The hardware design of the 16-bit fixed-point decimal RDP-CORDIC algorithm was implemented on the Xilinx Kintex7 325T series FPGA hardware platform using Verilog HDL. In the first place, the effect of ROM resource optimization of the predictive direction CORDIC algorithm proposed in Section 4.2 was tested, and the size of RAM resources consumed before and after the optimization was compared. Subsequently, the proposed RDP-CORDIC algorithm was tested and compared with other related CORDIC algorithms in terms of latency, resource consumption, and power consumption. Based on the hardware structure of the RDP-CORDIC algorithm, the maximum absolute value errors of the sine and cosine functions, logarithmic function, square root function, hyperbolic sine, and hyperbolic cosine function were also tested at 16-bit accuracy. Finally, we analyze the time and maximum absolute value errors of the sine and cosine functions computed using the RDP-CORDIC algorithm.

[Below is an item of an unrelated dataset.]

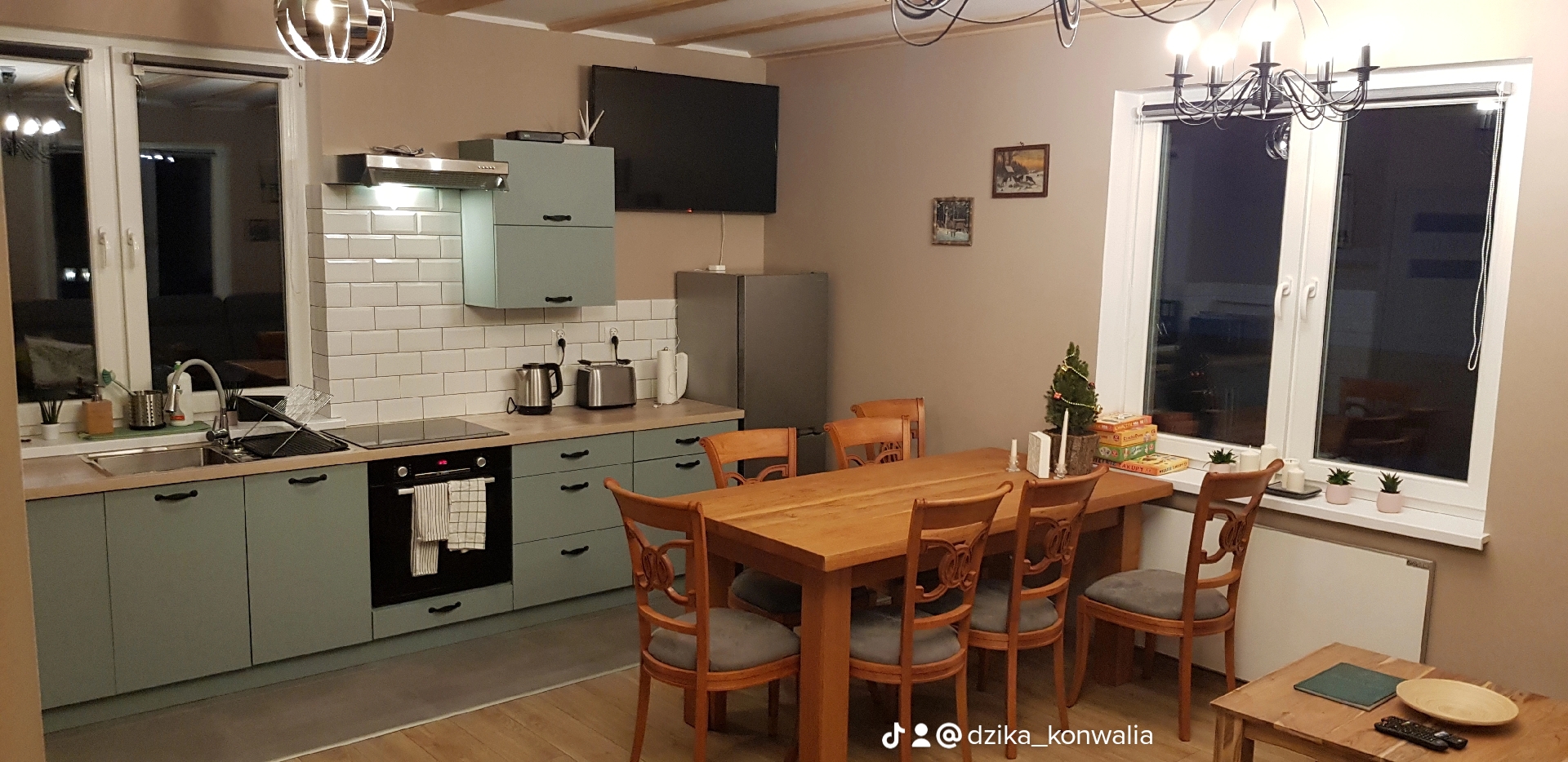 Wielki dębowy stół z 8-mioma krzesłami i szeroki narożnik z ławą oddaje pełny klimat i wygodę tego miejsca.

6.1. ROM Optimization Results of the RDP-CORDIC Algorithm

Figure 8 shows the comparison of ROM resource consumption before and after ROM optimization for this algorithm, from which it can be seen that the ROM consumption before the optimization is much higher than that after optimization. For 16-bit precision, the unoptimized algorithm requires a ROM size of 448 bits., while the optimized algorithm requires only 160 bits. for 32-bit precision, the unoptimized algorithm requires a ROM size of 56,320 bits, while the optimized algorithm consumes only 1888 bits. as the data bit width increases, the difference in ROM consumption before and after optimization increases significantly.

6.2. Performance Comparison of CORDIC Algorithms

The test results of the RDP-CORDIC algorithm and other related CORDIC algorithms in terms of latency and resource consumption are shown in Table 6. Apparently, in terms of latency, the R-4 CORDIC, R-8 CORDIC and Mixed-R CORDIC reduced latency but increased ROM consumption and had high hardware complexity. The RDP-CORDIC algorithm had a 70% lower latency compared to the conventional CORDIC algorithm, being parallel to the BBR-CORDIC algorithm. In terms of resource consumption, the RDP-CORDIC algorithm was similar to the CORDIC II algorithm, but the CORDIC II algorithm displayed a larger latency. Although the ROM consumption of the new algorithm was slightly higher than that of the conventional R-2 CORDIC algorithm, the RDP-CORDIC algorithm was clearly more advantageous, exchanging the ultra-small ROM capacity for 70% latency and 40% other resource consumption. In terms of power consumption, the proposed RDP-CORDIC algorithm facilitated an ultra-low power consumption of 28 mW. A comprehensive comparison showed that the RDP-CORDIC algorithm illustrated some advantages over other CORDIC algorithms in terms of latency, resource consumption and power consumption.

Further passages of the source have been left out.